Asian hornet nests are spherical in shape and usually found in lofts, balconies or shutters. It is vital to detect and destroy them to prevent spreading and to build secondary nests, which can house up to 3,000 hornets.
The aim is to prevent the Asian hornets from expanding across Majorca and to reduce the damage they cause to beekeeping, agriculture, the environment and humans.
The hornets themselves (official name Vespa velutina) are darker in colour than native species. While significantly smaller than the European hornet, measuring between 17 and 32 millimetres long, they have distinctive yellow legs, a brown or black thorax and a brown abdomen. Each abdominal segment has a narrow posterior yellow border, except for the fourth segment, which is orange. The head is black and the face yellow.

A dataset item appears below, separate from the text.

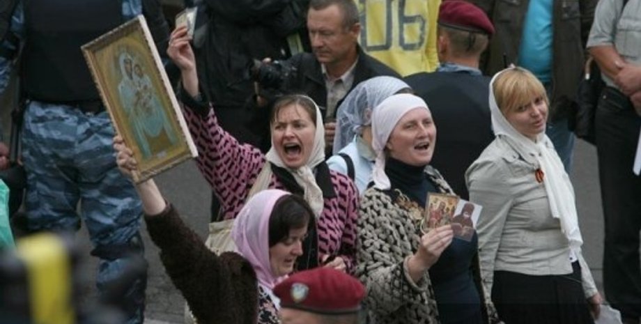 Они держат в руках плакаты с надписями: "Мы – православные, Кирилл – наш патриарх", "Братские народы – единая церковь", "Сохраним единство нашей церкви".

Asian hornets originate from the tropical regions of southeast Asia, including northern India, Pakistan, China, Thailand, and Malaysia. They have become an invasive species in France, where they are believed to have arrived in boxes of pottery from China in 2004. By 2009, several thousand nests were in the area of Bordeau and surrounding departments, and by 2015, they were reported over most of France.
It was then detected in Spain a few years ago and spread very quickly through the south of the country and the Balearics, as well as in the north in Galicia and the Basque Country. It arrived in Germany in 2014, and the first sighting on the UK mainland was announced in 2016.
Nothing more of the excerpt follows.